Die Berliner Senatskanzlei für Wissenschaft und Forschung hatte vor zwei Wochen erklärt, dass die Charité die Verantwortung für die Verbreitung des Homöopathie-Textes prüft. Dieser sei schon mehrere Jahre alt gewesen „und bedauerlicherweise versehentlich aktiviert“ worden, erklärt ein Pressesprecher nun auf Nachfrage. „Wer die technische Deaktivierung unterlassen hat, ließe sich aus heutiger Sicht leider nicht mehr nachvollziehen, wie uns seitens der Charité mitgeteilt wurde.“ Dabei war die Seite laut Eintrag im Internet-Archive über Jahre kontinuierlich erreichbar.

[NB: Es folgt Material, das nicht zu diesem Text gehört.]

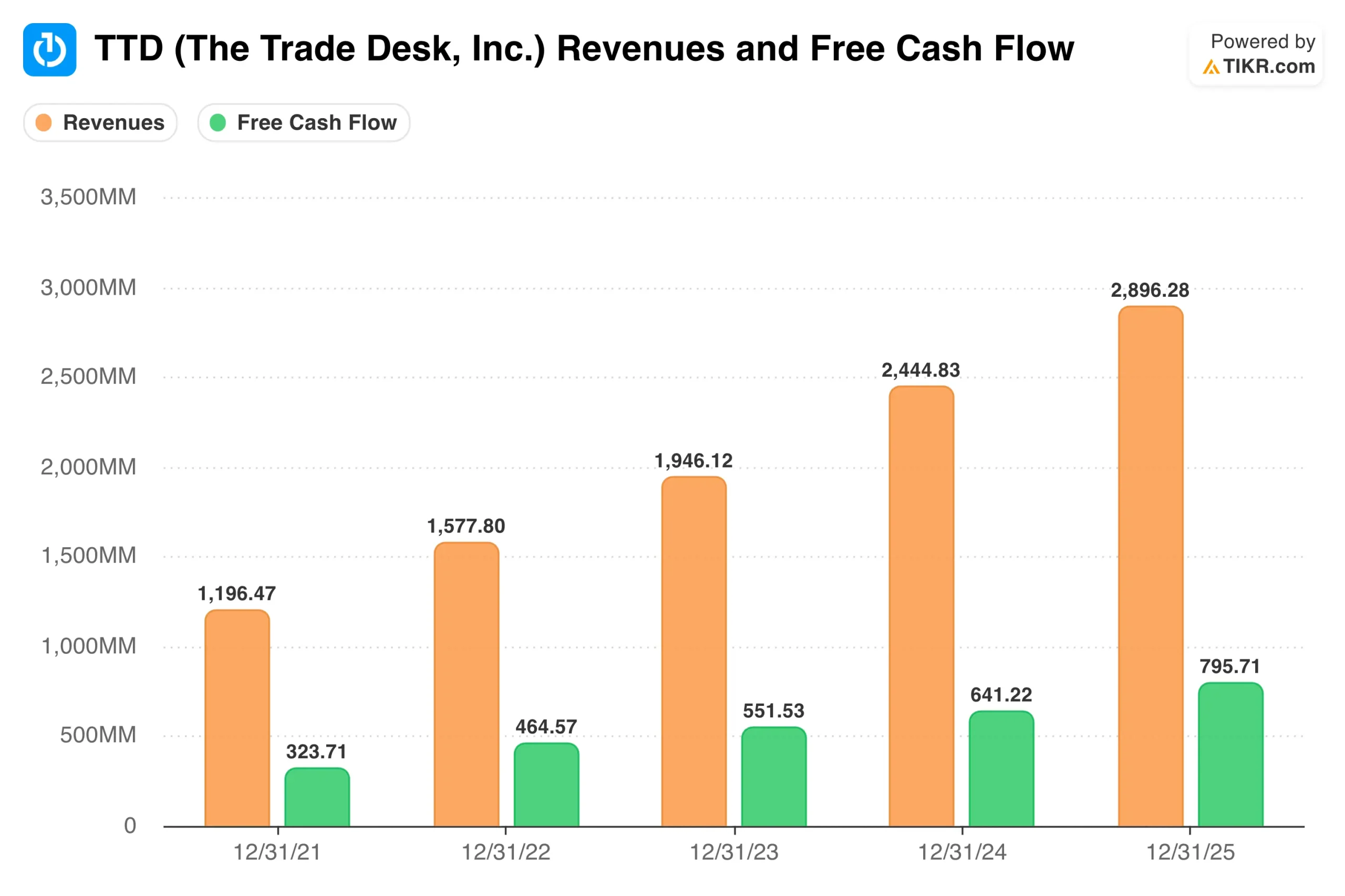 현금 흐름은 또 다른 중요한 지원입니다. 트레이딩 데스크는 2025년에 9억 9,270만 달러의 영업 현금 흐름과 7억 9,570만 달러의 잉여 현금 흐름을 창출했으며, 잉여 현금 흐름 마진은 27.5%를 기록했습니다. 이는 주가 변동성이 큰 시기에도 제품 개발, 데이터 역량, 플랫폼 확장에 계속 투자할 수 있는 유연성을 제공합니다.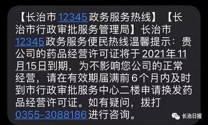 在日常工作中,工作人员发现,有不少企业因各种原因,往往错过证照延续换证的法定期限,从而造成证照作废,影响正常生产经营。针对这一情况,市行政审批服务管理局在持续健全证照主体基础数据库的基础上,推出证照延续提醒服务,全面梳理延续提醒服务清单,对于短时间内需要办理延续换证手续的市场主体,依托12345政务服务便民热线,开展“点对点”前移服务,通过电话、短信等形式,提醒企业按法定时限要求及时办理相关业务。首批推出的《药品经营许可证》《医疗器械经营许可证》《食品生产许可证》审批事项延续换证提醒服务,受到企业和群众的一致好评。长子县勇芳大药房相关负责人牛红芳感慨:“现在开药店,不仅审批手续办得快,服务还这么周到,专门打电话发短信提醒,真是贴心”。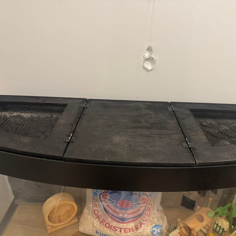 Tarjolla koko setti hamsterin hoitoon. Terraario, juoksupyörä, ruokakuppi, juomapullo, nukkumakoppi, kaksipuoleinen kuva terraarion takaseinään sekä kuljetuskoppa ja jopa valjaat ulkoilutukseen. :)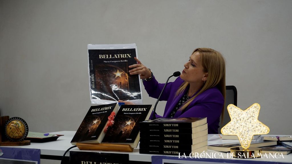 La escritora salmantina María Casquero presentó este miércoles, en la Torre de los Anaya, ‘Bellatrix’, una publicación en la que invita al lector a adentrarse en una constelación de mujeres inolvidables que, a través de la ficción, recuperan el lugar que les corresponde en la memoria colectiva y en el corazón de quienes se acerquen a sus páginas.

Und auch weiterhin ist auf der Homepage der Charité-Hochschulambulanz für Naturheilkunde zu lesen, dass die Homöopathie-Forschung ein großer Schwerpunkt des Instituts für Sozialmedizin, Epidemiologie und Gesundheitsökonomie sei. Außerdem habe sich gezeigt, dass Patienten von der homöopathischen Therapie profitieren. Belege für diese Aussage liefert die Pressestelle der Charité auf Nachfrage nicht.